Originally Posted by wizzywick:
“I think you've hit the nail on the head. Channel 4 could show Snail Racing and they'd win an award for it!”
Now I've got this week's printed issue of Broadcast, the Beeb have actually dominated this category over the years, here are the winners for the past decade...
2014 - Ryder Cup (Sky Sports)
2013 - Olympics (BBC)
2012 - Formula 1 (BBC)
2011 - Indian Premier League (ITV)
2010 - Formula 1 (BBC)
2009 - Grand National (BBC)
2008 - Match of the Day 2 (BBC)
2007 - World Cup (BBC)
2006 - The Ashes (C4)
2005 - Olympics (BBC)
It turns out Sky Sports do take part. The piece about the Grand National highlights how the coverage was impressive technically, in terms of the additional cameras and microphones, and their access to the stables. It is an industry award which has just as much to do with the coverage technically as editorially.
Originally Posted by mrstreetcred:
“I was watching family fortunes yesterday morning and thought the same, it can't do any worse than the 2 shows on now, vernon isn't exactly busy anymore!”

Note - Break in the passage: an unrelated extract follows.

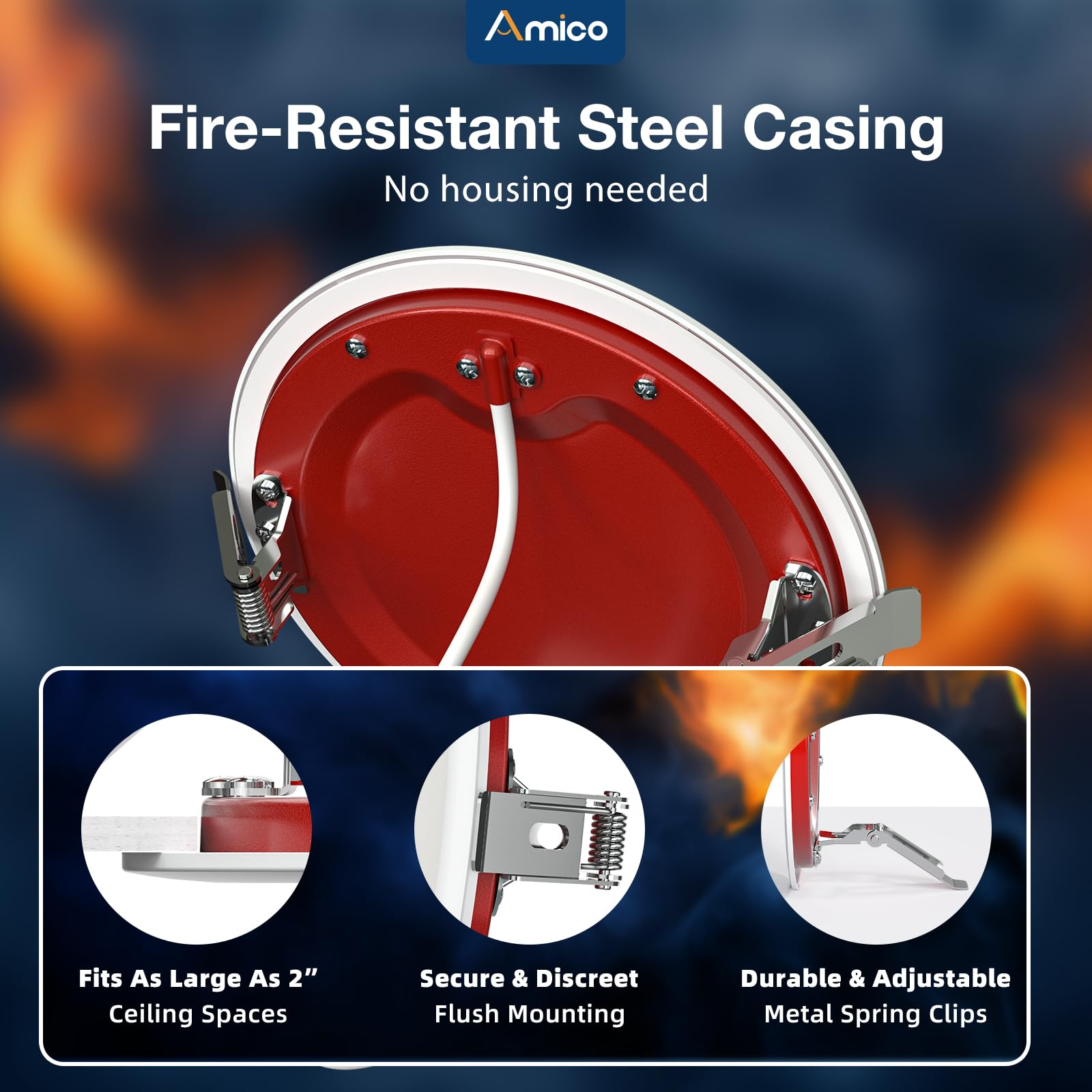 - Amico Benefits: Amico fire rated recessed downlights are damp-rated, offers fire-resistant lighting for bedrooms, living rooms, kitchens, hallways, and even bathrooms. Our recessed lighting are certified by ETL FCC Energy Star of a high standard.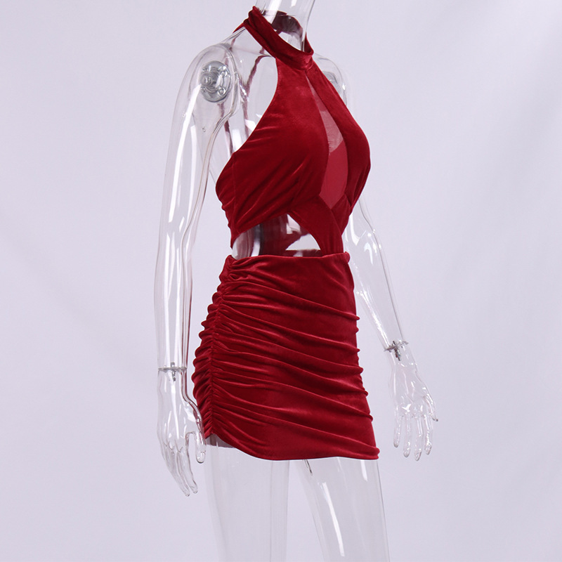 Robe en velours, robe de Noël, robe de soirée, corset, plissée, ajourée, dos nu, à la hanche

I think the most obvious way to spot the failure of ITV entertainment at the moment is that Stars In Their Eyes, Planet's Got Talent, Get Your Act Together and Famly Fortunes all fail to make it into Broadcast's Top 100. It shouldn't be doing that. It's getting a lower audience than Panorama, The Martin Lewis Money Show, University Challenge, Wolf Hall, The Jump,.Match of the Day and Question Time. No way Family Fortunes should be getting fewer viewers than University Challenge or Panorama. If you'd suggested that ten or twenty years it would have sounded insane. It's Family Fortunes, for heaven's sake. The point of light entertainment is to engage a mass audience. If it's not doing that, what's the point of it?

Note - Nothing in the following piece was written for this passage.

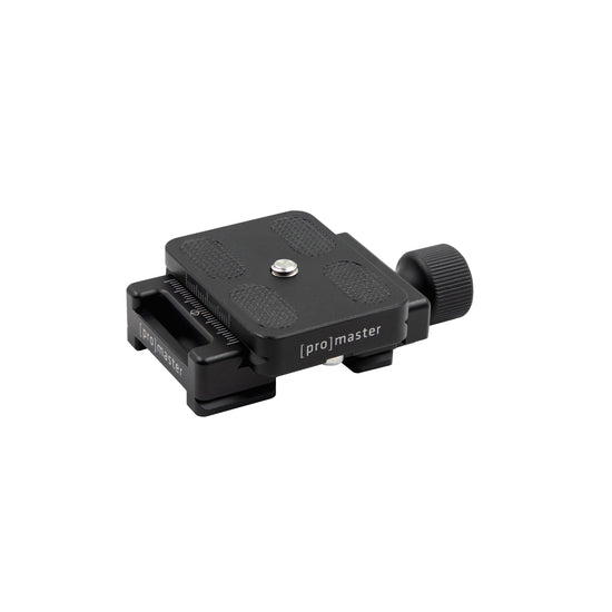 The ProMaster Dovetail QR Clamp Kit is a great way of adding an Arca-type quick release to a tripod, head, grip item, or other piece of equipment. It uses a 3/8"-16 threaded port and includes a 1/4"- 20 adapter. The clamp body also has three strap slots, so it can be used as a quick release system for a shoulder strap.
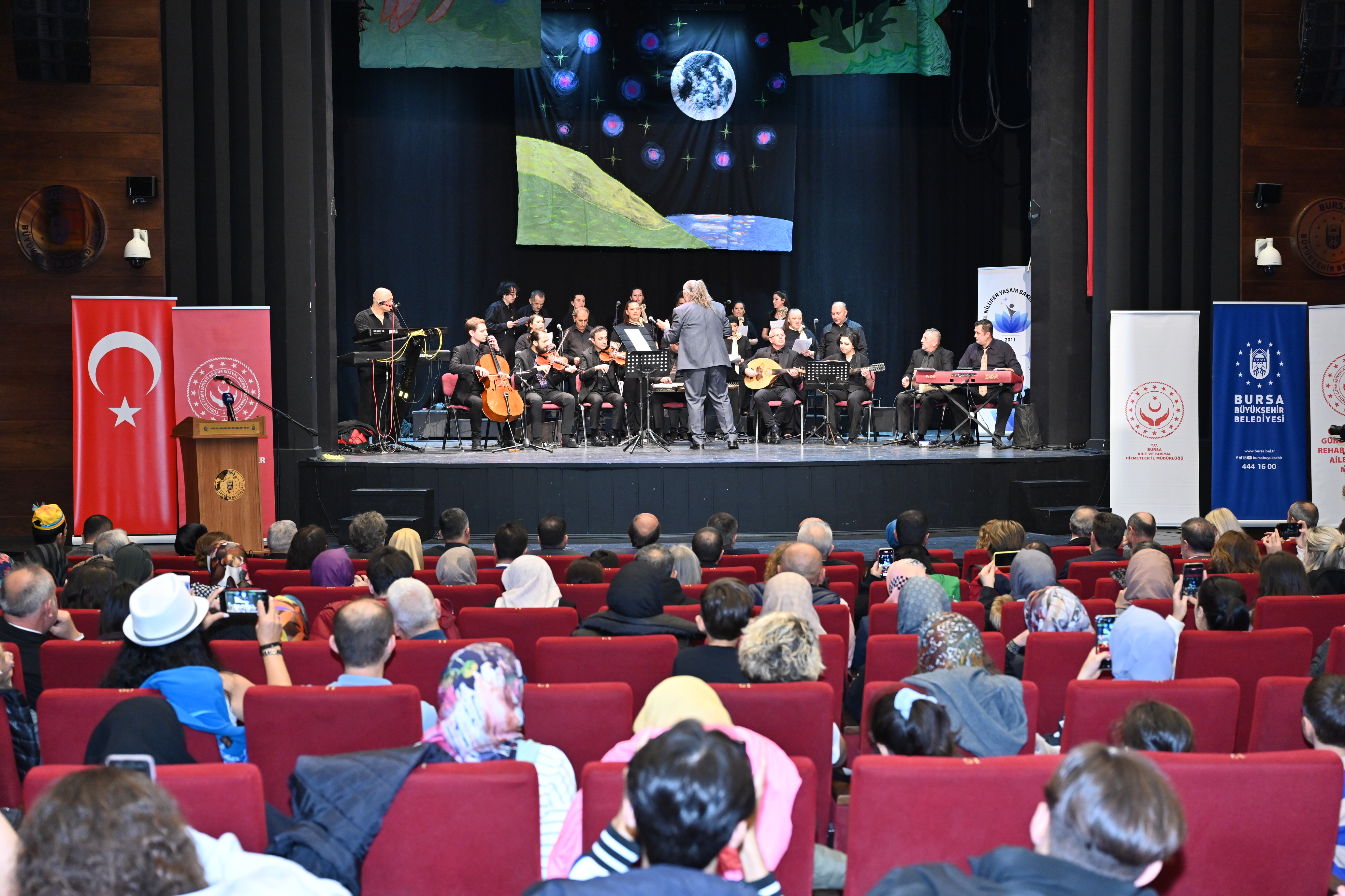 Etkinlik, Bursa Aile ve Sosyal Hizmetler İl Müdürlüğü’ne bağlı Özel Nilüfer Yaşam Bakım Merkezi ve Celal Sönmez Gündüzlü Bakım Rehabilitasyon ve Aile Danışma Merkezi’nden oluşan koronun konseri, mehter, modern dans, halk oyunları ve 'Anka Kuşu Masallar Diyarı' oyun gösterisi ile sona erdi.

That said, one on the eye for suggestions of dumbing down, ITV light entertainment being thrashed by University Challenge.
Originally Posted by grondagronda:
“Indian Summers will do well. I remember Camomile Lawn doing huge numbers for the channel, albeit 15+ years ago. Anything under 3 million will be disappointing. Having said that, it's the type of drama that would happily sit on either ITV or BBC One. Not groundbreaking.”
Funnily enough in Broadcast as well as that piece on ITV factual there's also a piece on C4 drama by Maggie Brown, who of course wrote the history of C4. I won't quote it all, but this passage sums most of it up...
"Is C4 choosing scrips and treatments that are too niche, too stale or even too violent for their own survival? Is it scheduling them incorrectly, or is it just being outgunned by rivals like BBC2's Wolf Hall? Has Sky Atlantic's Fortitude, launched with even greater fanfare directly opposite episode two of Cucumber, stolen a further march on viewers? Was Babylon a James Nesbitt drama too far the night after BBC1 hit The Missing?"
Also in Broadcast is the news that now the American version of Bad Education hasn't been picked up, they might be thinking of doing another series in Britain. Though hard to see where it could go given the last episode seemed very final.